● Task data:

'''

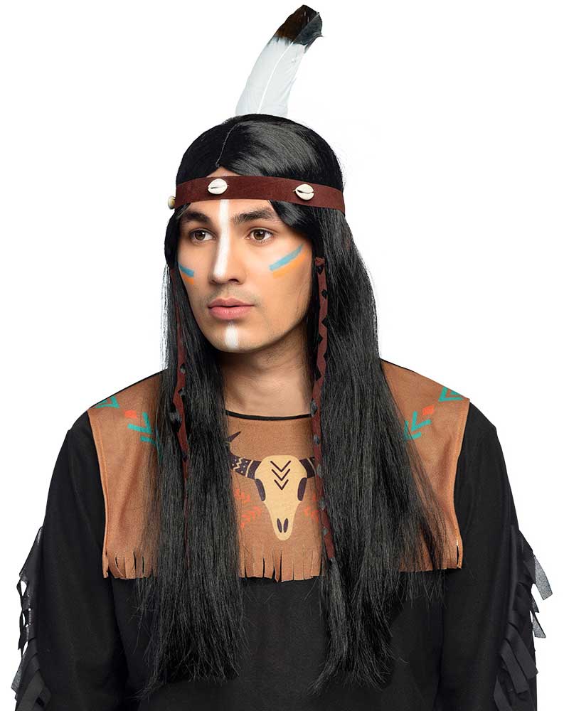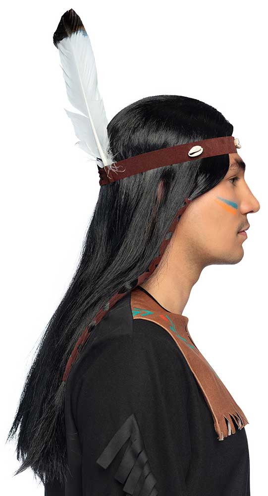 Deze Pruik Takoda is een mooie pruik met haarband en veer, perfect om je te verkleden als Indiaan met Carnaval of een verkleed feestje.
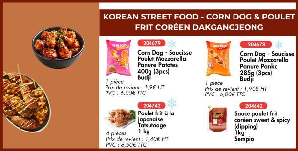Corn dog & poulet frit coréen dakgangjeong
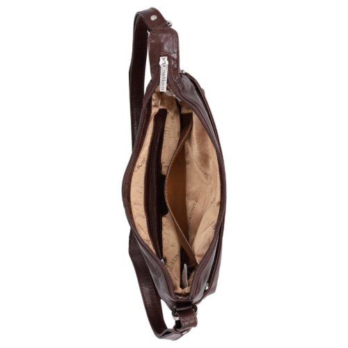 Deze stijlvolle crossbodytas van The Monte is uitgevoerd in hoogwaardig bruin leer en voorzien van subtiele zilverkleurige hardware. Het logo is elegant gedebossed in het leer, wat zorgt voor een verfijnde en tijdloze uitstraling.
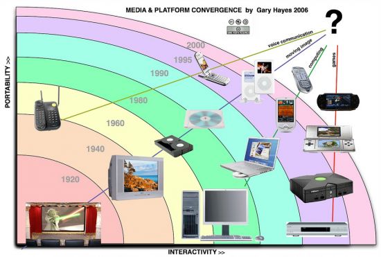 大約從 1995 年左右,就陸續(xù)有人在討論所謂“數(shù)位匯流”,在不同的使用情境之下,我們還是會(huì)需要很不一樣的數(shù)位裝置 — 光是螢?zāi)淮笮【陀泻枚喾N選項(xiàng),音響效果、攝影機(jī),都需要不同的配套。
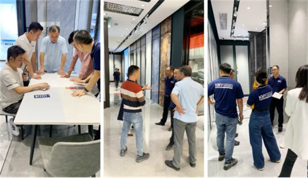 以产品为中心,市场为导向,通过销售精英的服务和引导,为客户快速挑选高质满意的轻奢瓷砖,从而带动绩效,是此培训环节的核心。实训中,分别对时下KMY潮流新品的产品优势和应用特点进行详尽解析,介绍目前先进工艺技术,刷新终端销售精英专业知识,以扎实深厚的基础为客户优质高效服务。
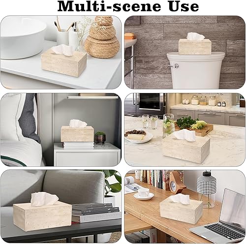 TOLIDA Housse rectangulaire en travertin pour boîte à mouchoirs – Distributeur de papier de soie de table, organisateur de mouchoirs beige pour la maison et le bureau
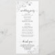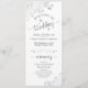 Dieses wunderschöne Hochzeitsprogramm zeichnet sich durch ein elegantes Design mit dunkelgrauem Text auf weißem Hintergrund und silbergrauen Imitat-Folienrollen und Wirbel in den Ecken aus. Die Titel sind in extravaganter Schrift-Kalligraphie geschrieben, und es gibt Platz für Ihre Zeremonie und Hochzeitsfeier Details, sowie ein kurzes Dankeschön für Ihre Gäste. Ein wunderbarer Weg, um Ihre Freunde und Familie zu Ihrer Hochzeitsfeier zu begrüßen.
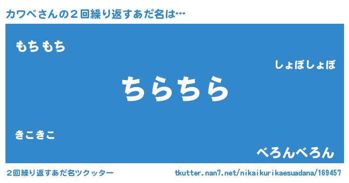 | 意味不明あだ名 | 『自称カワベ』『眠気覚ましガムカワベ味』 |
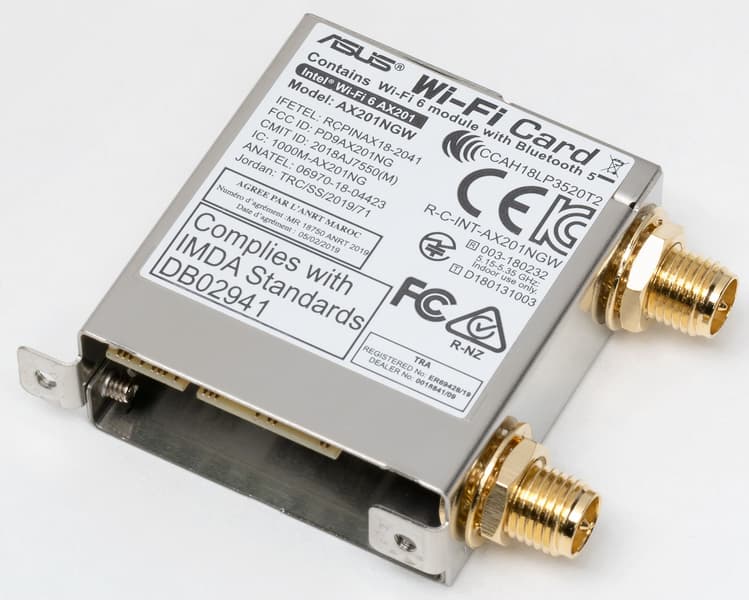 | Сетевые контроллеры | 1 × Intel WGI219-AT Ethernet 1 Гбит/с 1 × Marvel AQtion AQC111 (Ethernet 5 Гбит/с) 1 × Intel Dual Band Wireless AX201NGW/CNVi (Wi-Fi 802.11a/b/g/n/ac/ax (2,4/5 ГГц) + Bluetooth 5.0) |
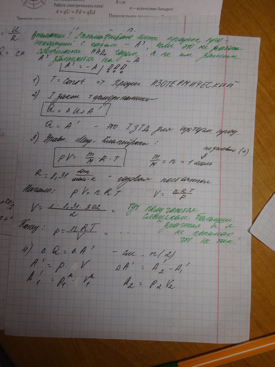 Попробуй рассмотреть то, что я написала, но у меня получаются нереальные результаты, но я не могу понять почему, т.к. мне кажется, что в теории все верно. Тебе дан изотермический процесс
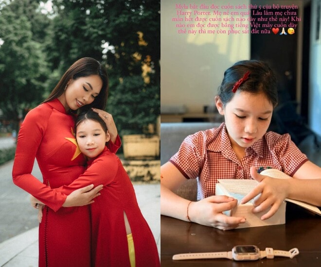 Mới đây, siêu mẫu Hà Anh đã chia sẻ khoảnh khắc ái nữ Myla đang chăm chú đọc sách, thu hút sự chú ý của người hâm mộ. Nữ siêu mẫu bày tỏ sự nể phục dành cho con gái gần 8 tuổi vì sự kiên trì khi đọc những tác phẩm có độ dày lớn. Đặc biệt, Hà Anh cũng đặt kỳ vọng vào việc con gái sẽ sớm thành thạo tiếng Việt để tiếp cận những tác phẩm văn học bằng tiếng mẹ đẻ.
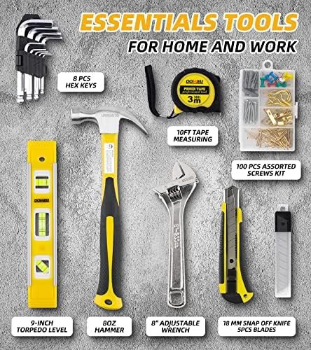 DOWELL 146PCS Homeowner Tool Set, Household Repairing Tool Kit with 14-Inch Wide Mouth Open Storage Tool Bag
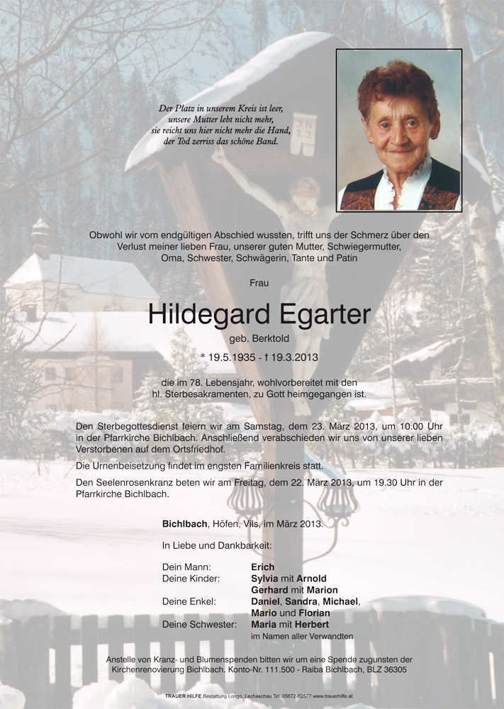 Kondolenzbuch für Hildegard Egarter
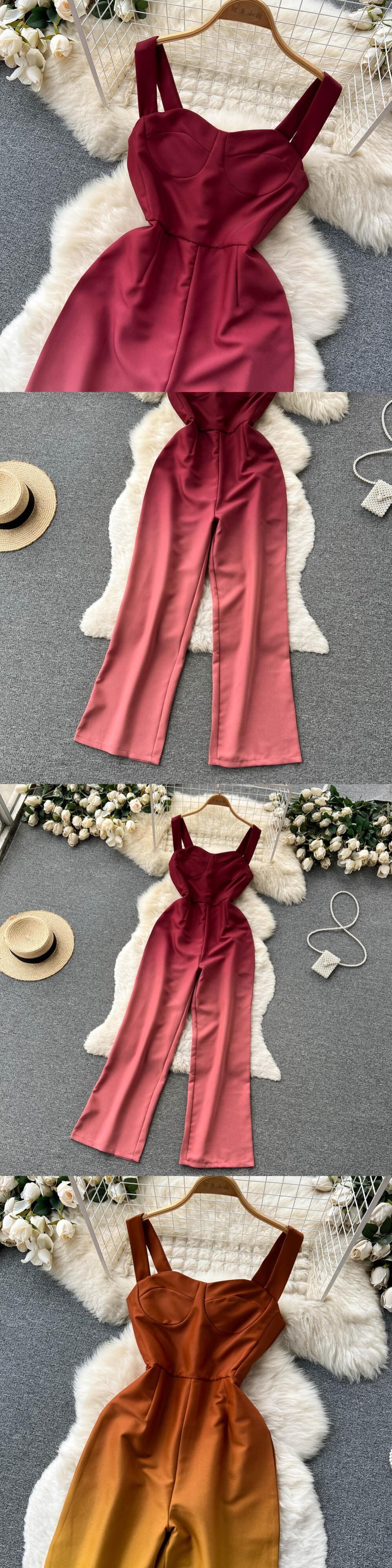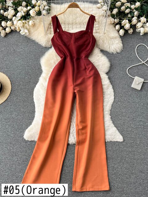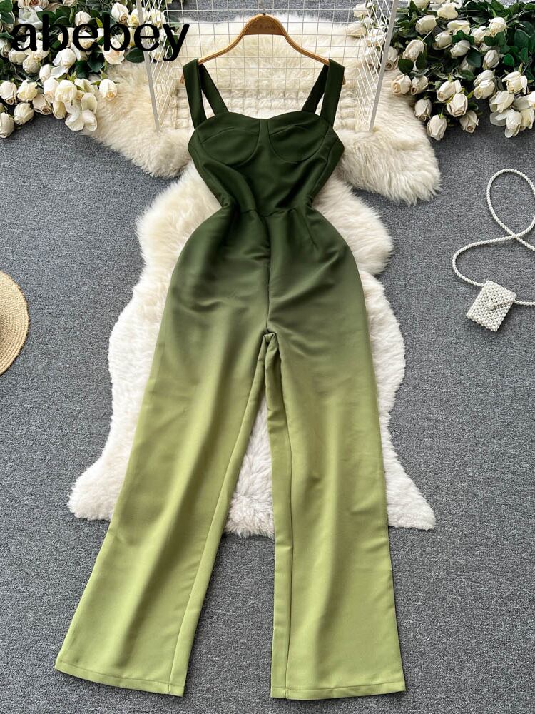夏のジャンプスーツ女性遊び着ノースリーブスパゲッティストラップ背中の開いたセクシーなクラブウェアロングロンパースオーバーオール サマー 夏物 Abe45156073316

'''

● What the task asks:
The line holding "以产品为中心,市场为导向,通" starts the copy and the line holding "TOLIDA Housse rectangulaire" ends it. Repeat those two lines above and all between them exactly, leaving out pictures.

● Answer for this exercise:
 以产品为中心,市场为导向,通过销售精英的服务和引导,为客户快速挑选高质满意的轻奢瓷砖,从而带动绩效,是此培训环节的核心。实训中,分别对时下KMY潮流新品的产品优势和应用特点进行详尽解析,介绍目前先进工艺技术,刷新终端销售精英专业知识,以扎实深厚的基础为客户优质高效服务。
 TOLIDA Housse rectangulaire en travertin pour boîte à mouchoirs – Distributeur de papier de soie de table, organisateur de mouchoirs beige pour la maison et le bureau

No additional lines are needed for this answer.